• [Work to complete]: Pictures must not appear in the copy. Restate exactly the lines below from the one with "De baard is uitdrukkelijk aanwezig" through the one with "iskolás itthon van?", inclusive.
*** Opening of Supplied records ***
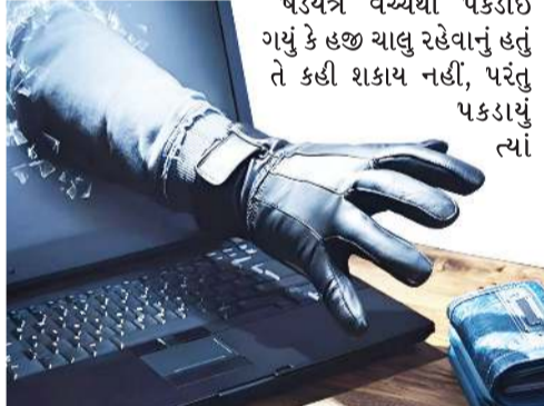
પડયંત્ર વચ્ચેથી પકડાઈ ગયું કે હજી ચાલુ રહેવાનું હતું તે કહી શકાય નહીં, પરંતુ પકડાયું ત્યાં
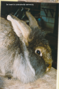
De baard is uitdrukkelijk aanwezig
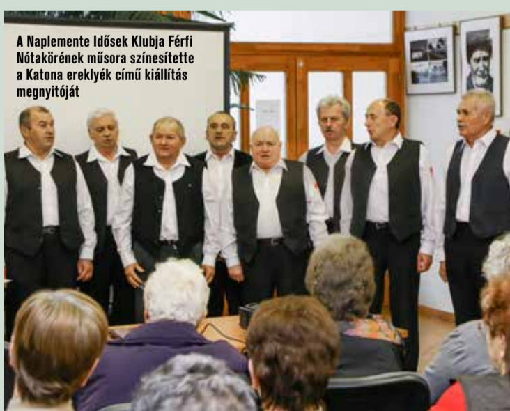
A Naplemente Idősek Klubja Férfi Nótakörének műsora színesítette a Katona ereklyék című kiállítás megnyitóját

– Mi a helyzet a nyári programokkal, amikor minden iskolás itthon van?
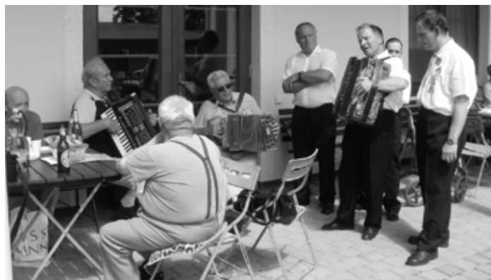
Blatenská rolnička, setkání seniorů z různých sociálních zařízení. Výstoupení harmonikářů
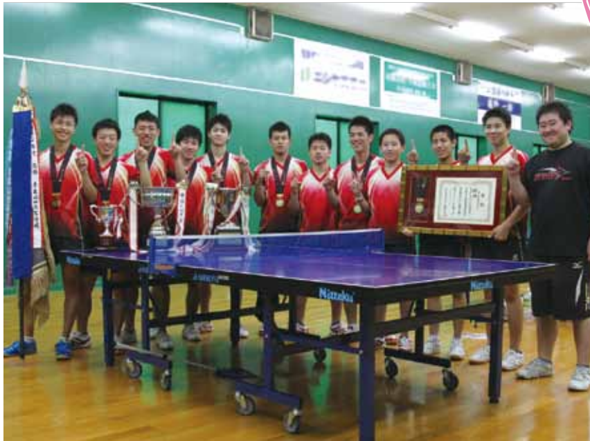
全国高等学校総合体育大会で、希望が丘高校男子卓球部が2冠
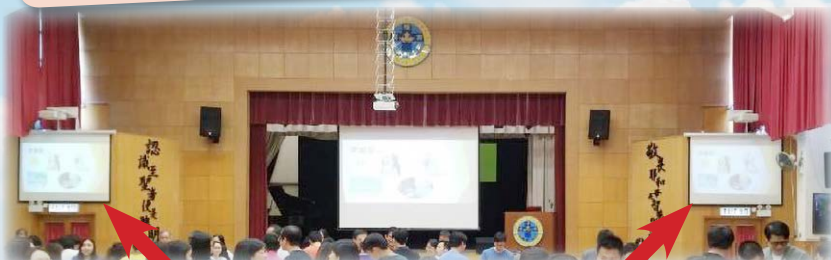
屏幕轉為86吋大電視 (左、右、後)

加裝電視和鐳射投影機後，坐在較後和旁側位置的同學也能清楚看見屏幕，方便他們學習和進行活動。
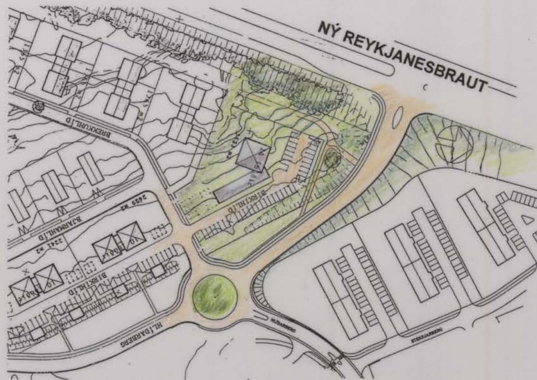
SAMÞYKKT DEILISKIPULAG 19.6.1992 BREYTT 25.3.1996

Ennfremur óskar bæjarstjórn eftir því við skipulagsstjóra ríkisins að hann samþykki uppdrátt þennan með undirskrift sinni að lokinni málsmeðferð í samræmi við grein 4.4. í skipulagsreglugerð nr. 318/1985."
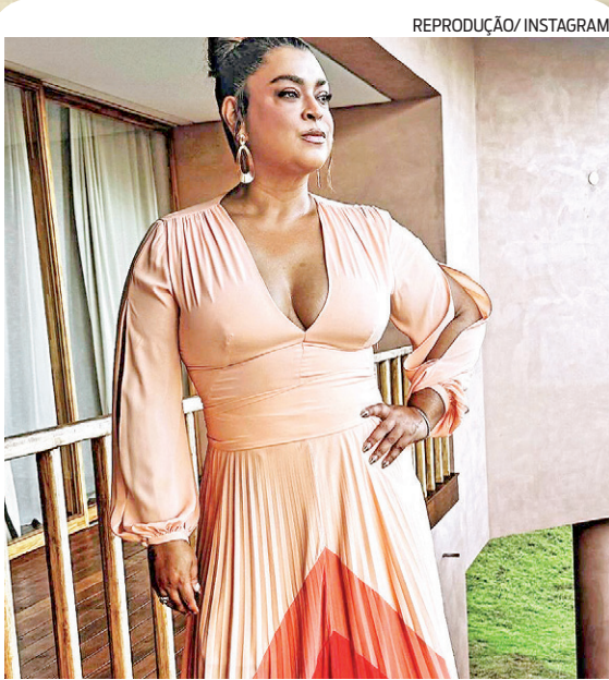
Preta Gil marcou presença em casamento
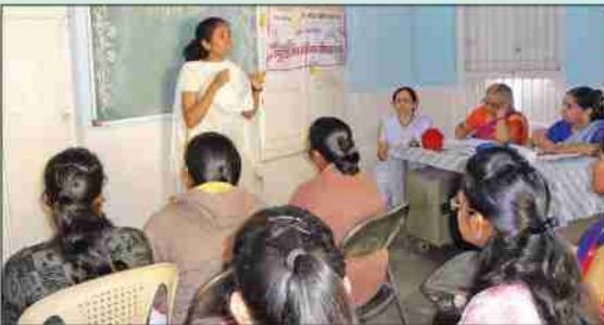
युवावर्गासाठी वक्तृत्व स्पर्धा
*** Close of Supplied records ***
• [Answer to this problem]:
De baard is uitdrukkelijk aanwezig
A Naplemente Idősek Klubja Férfi Nótakörének műsora színesítette a Katona ereklyék című kiállítás megnyitóját

– Mi a helyzet a nyári programokkal, amikor minden iskolás itthon van?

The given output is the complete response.